The report, released by the office of L.A. Controller Ron Galperin on Wednesday, said that 53% of the city’s 53,600 workers were paid overtime.

That amounts to about $470 million, an increase of $23 million from the city’s overtime costs during the 2017-2018 fiscal year, according to Ian Thompson, a spokesman for the L.A. controller’s office.

A graph shows the amount of overtime pay Los Angeles city employees received from 2015 to 2019. (Credit: L.A. Controller Ron Galperin's Office)
A graph shows the amount of overtime pay Los Angeles city employees received from 2015 to 2019. (Credit: L.A. Controller Ron Galperin’s Office)

Sworn personnel with the L.A. police and fire departments received about 77% of all overtime pay, including 18 people who each earned more than $200,000 in overtime.

Four of them more than doubled their salaries in overtime, according to the report.

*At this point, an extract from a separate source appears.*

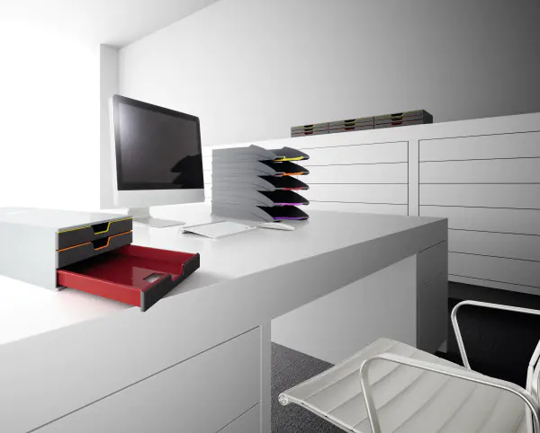 Schreibtischorganisation: Für einen aufgeräumten und produktiven Arbeitsplatz bietet Durable eine breite Palette an Schreibtisch-Organizern. Von Stiftköchern und Briefablagen bis hin zu modernen Monitorständern und ergonomischen Fußstützen – jedes Produkt wurde mit dem Ziel entwickelt, den Komfort zu erhöhen und die Effizienz zu steigern.

One firefighter worked 5,616 hours in overtime during the year and received $360,000 in addition to a salary of $126,000, Thompson said.

“While the norm is for regular, full-time employees to work a 40-hour week, overtime is built into the staffing models for sworn firefighters and police officers to ensure public safety during emergencies, such as the recent Getty Fire, when hundreds of firefighters and additional sworn and civilian City personnel were deployed around the clock to save lives and property,” the report said.

The remaining overtime costs for the city, about $135 million, went to civilians who are not sworn members of the police and fire departments. Those include personnel with the Los Angeles World Airports, which operates LAX and Van Nuys Airport, and the sanitation and transportation departments.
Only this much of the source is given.